• Problem:
Once the line holding "Vietnam Hanoi Hermes" is found, output it and all remaining lines of the data exactly, with every picture left out.

• Supplied material:
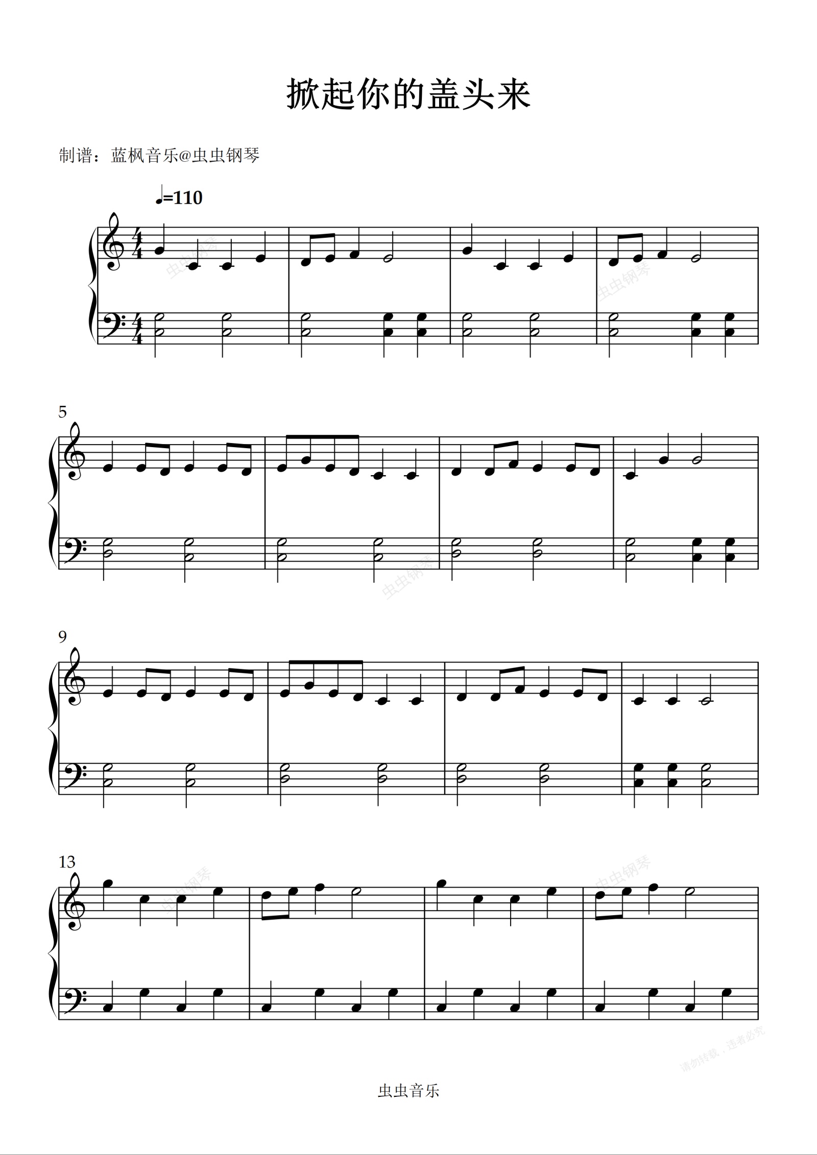 钢琴谱:掀起你的盖头来
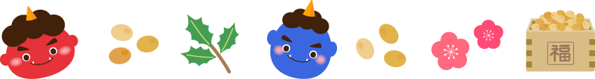 梅 ヒイラギ オニ おに 鬼 まめ 豆 鬼は外 節句 2月 せつぶん 掲示板 園だより
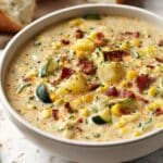 A hearty and creamy Summer Corn and Zucchini Chowder packed with fresh seasonal vegetables, smoky bacon, and comforting spices, perfect for a warm weather meal.
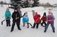 Хоккей – отличный способ организации двигательной активности детей на свежем воздухе! Эта спортивная игра не только укрепляет иммунитет и здоровье, но и учит общению, развивает скорость реакции, точность и глазомер, тренирует характер. Сегодня в детском саду прошёл матч по хоккею в валенках с шайбой «Выходи играть в хоккей!».Перед игрой участники выполнили ходьбу с заданиями, легкий бег, ОРУ и перестроения. Инструктор по физической культуре Салимова А.Р. учила детей правильно держать клюшки, правилам безопасной игры, командным действиям. Ребята упражнялись в ударах по шайбе с удобной стороны, в ведении шайбы и забивании ее в ворота. В дружеском матче встретились команда «Меткая шайба» и команда «Сильная клюшка». Игра была живой, быстрой и увлекательной. -
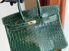 Vietnam Hanoi Hermes Birkin 25cm W0 Vert Bosphore Shiny porosus crocodile
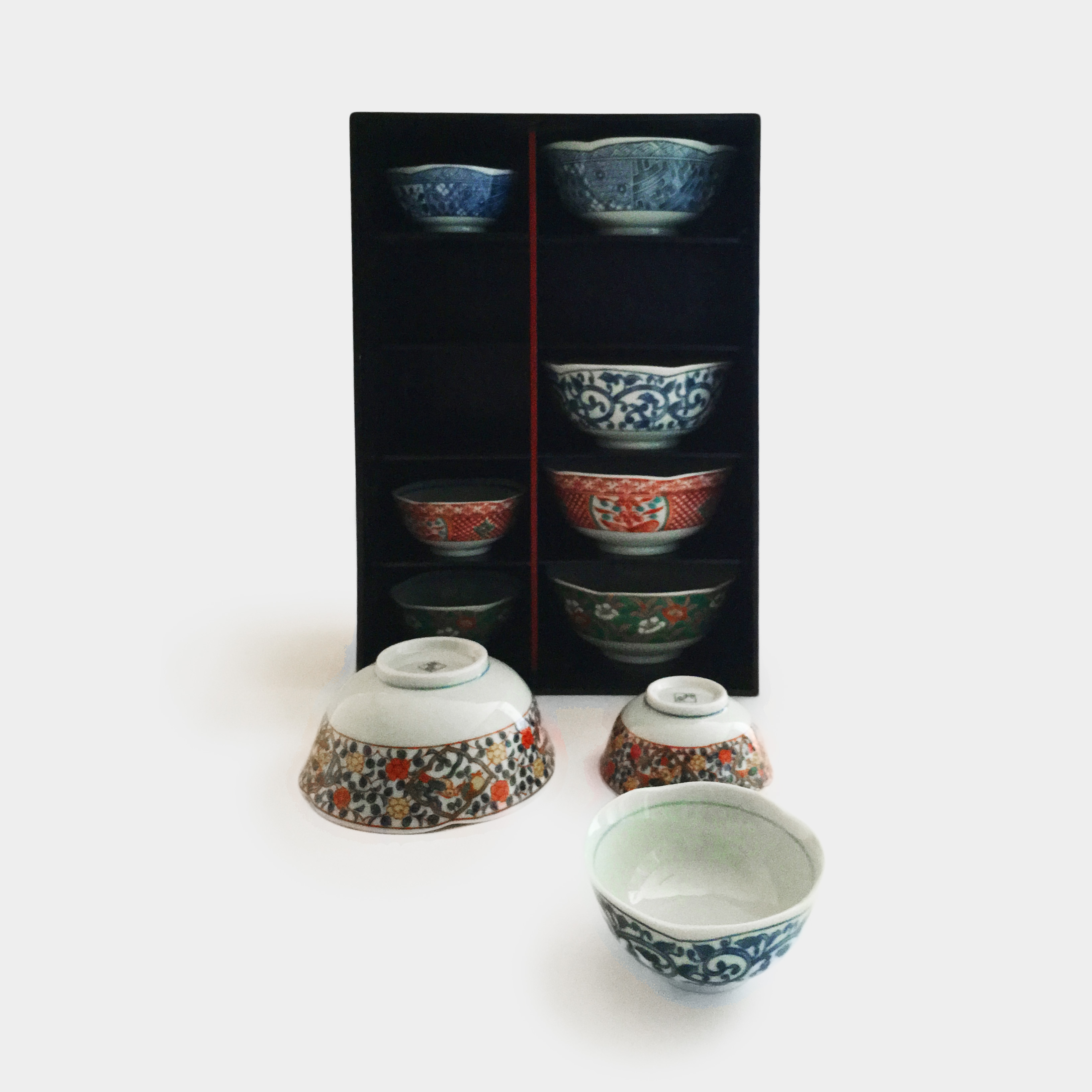 Sada deseti misek dvou velikostí v dřevěném stojanu

• Exercise result:
 Vietnam Hanoi Hermes Birkin 25cm W0 Vert Bosphore Shiny porosus crocodile
 Sada deseti misek dvou velikostí v dřevěném stojanu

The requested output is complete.